Task statement: Using the listing below, please print exactly the lines from the one with "того периода уже" through the one with "Esta foto del". Leave out every picture.

Input records:

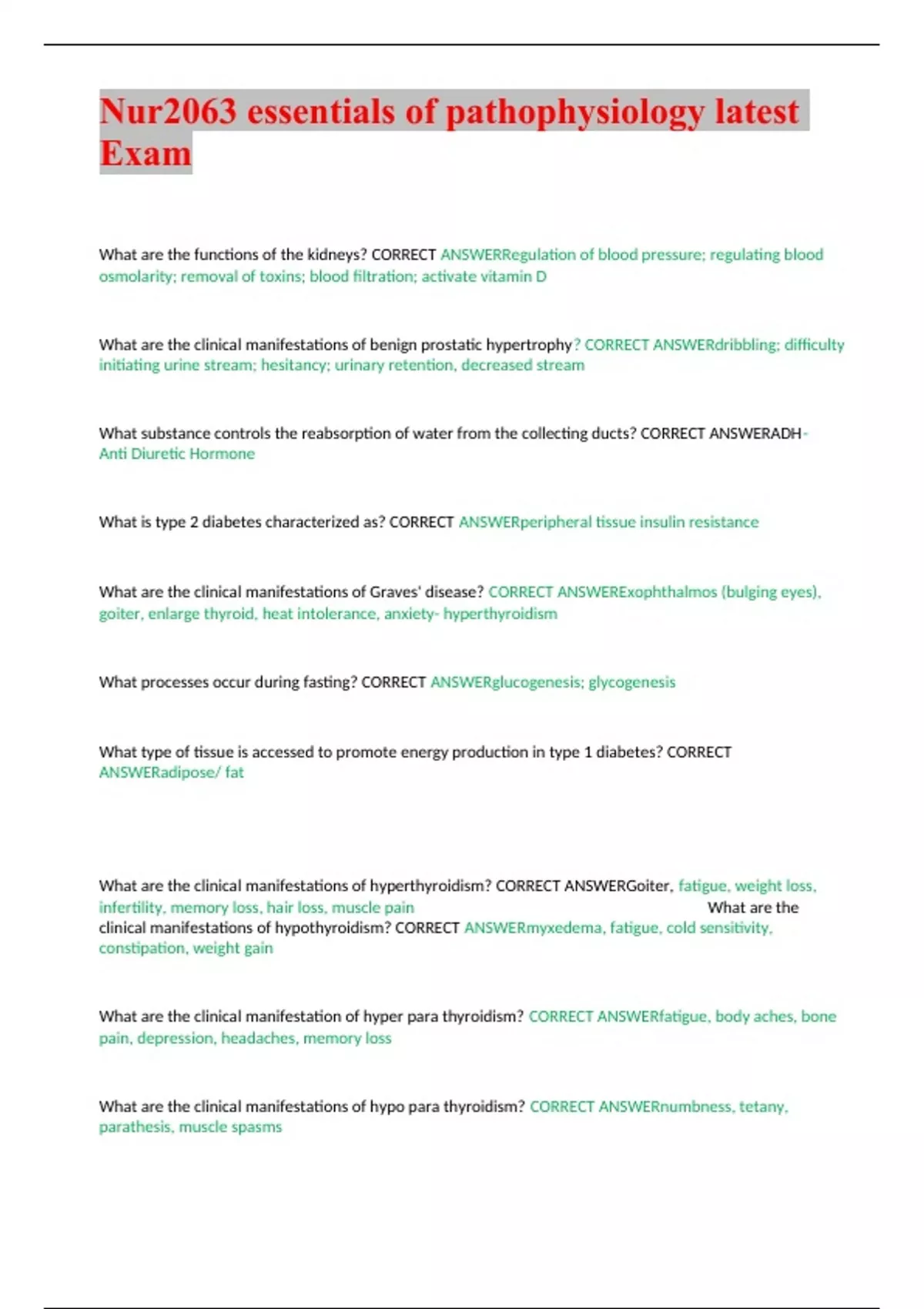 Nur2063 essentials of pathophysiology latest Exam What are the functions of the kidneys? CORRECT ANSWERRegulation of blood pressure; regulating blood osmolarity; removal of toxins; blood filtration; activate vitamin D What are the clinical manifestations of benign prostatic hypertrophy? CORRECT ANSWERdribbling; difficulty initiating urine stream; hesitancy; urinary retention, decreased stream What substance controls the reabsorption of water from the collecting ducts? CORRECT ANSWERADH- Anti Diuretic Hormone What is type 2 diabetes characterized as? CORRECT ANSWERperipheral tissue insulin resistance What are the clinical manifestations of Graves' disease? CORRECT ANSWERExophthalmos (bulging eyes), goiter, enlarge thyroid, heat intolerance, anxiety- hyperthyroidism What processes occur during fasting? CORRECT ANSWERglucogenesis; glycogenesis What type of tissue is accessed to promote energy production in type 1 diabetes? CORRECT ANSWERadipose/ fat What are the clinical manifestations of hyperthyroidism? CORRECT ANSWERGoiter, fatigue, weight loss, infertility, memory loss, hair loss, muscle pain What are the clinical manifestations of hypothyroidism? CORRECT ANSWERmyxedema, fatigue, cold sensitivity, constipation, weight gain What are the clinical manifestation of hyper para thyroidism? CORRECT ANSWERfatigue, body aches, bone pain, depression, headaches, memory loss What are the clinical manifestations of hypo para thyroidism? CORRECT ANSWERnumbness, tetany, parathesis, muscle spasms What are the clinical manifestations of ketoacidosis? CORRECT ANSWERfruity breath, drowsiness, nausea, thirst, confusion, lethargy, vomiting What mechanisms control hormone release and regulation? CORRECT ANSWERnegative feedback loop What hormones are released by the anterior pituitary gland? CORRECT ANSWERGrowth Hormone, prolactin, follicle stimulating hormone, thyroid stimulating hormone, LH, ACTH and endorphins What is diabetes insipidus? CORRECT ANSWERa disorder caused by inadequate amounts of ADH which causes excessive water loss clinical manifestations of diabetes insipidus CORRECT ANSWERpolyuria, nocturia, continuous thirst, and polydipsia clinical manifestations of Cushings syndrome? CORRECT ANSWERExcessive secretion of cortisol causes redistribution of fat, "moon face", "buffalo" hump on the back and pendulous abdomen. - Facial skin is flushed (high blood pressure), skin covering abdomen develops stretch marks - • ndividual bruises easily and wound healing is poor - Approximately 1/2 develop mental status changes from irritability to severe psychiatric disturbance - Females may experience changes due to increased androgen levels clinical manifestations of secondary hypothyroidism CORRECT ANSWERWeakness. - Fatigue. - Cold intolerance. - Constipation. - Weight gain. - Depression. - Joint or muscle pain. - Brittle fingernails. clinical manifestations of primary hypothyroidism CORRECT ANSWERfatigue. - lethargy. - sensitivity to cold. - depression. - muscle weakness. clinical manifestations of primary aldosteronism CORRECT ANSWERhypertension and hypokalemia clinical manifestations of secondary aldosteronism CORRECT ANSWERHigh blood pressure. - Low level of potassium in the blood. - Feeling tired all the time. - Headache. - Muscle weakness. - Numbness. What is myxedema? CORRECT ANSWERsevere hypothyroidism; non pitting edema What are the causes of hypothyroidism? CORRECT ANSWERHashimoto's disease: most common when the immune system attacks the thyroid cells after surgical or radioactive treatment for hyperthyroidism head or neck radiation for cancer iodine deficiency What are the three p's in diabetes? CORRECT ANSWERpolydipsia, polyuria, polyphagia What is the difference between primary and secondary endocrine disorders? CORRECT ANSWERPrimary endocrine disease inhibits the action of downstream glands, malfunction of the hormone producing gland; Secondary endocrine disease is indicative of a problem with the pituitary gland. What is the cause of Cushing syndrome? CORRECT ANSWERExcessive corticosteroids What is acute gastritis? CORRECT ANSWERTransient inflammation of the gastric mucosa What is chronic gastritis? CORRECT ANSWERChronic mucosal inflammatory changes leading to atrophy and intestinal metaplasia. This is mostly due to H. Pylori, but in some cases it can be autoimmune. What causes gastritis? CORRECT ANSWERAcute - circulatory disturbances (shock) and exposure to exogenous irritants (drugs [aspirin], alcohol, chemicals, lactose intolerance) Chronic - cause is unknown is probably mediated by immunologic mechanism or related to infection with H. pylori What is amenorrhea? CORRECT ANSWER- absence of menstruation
---
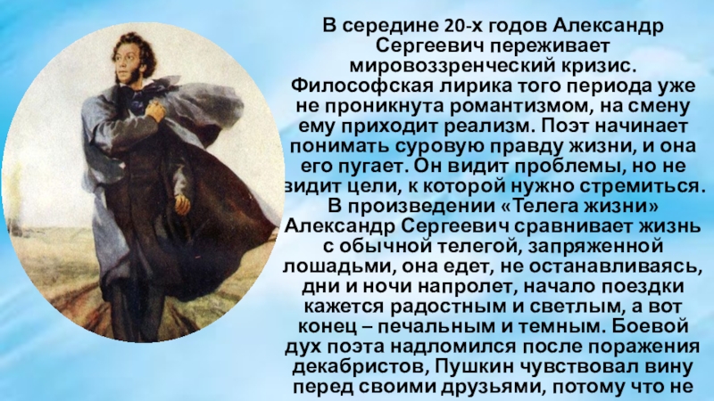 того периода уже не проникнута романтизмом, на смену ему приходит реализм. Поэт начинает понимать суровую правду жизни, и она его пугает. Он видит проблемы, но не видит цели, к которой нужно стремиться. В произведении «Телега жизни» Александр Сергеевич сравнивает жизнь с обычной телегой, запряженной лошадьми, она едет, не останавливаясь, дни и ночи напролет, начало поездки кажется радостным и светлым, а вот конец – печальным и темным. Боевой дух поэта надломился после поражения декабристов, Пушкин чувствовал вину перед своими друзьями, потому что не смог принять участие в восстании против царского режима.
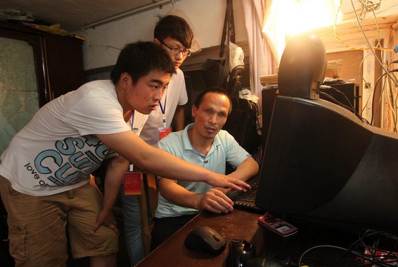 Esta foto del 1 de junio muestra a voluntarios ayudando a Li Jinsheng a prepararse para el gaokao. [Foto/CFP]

Solution below:
 того периода уже не проникнута романтизмом, на смену ему приходит реализм. Поэт начинает понимать суровую правду жизни, и она его пугает. Он видит проблемы, но не видит цели, к которой нужно стремиться. В произведении «Телега жизни» Александр Сергеевич сравнивает жизнь с обычной телегой, запряженной лошадьми, она едет, не останавливаясь, дни и ночи напролет, начало поездки кажется радостным и светлым, а вот конец – печальным и темным. Боевой дух поэта надломился после поражения декабристов, Пушкин чувствовал вину перед своими друзьями, потому что не смог принять участие в восстании против царского режима.
 Esta foto del 1 de junio muestra a voluntarios ayudando a Li Jinsheng a prepararse para el gaokao. [Foto/CFP]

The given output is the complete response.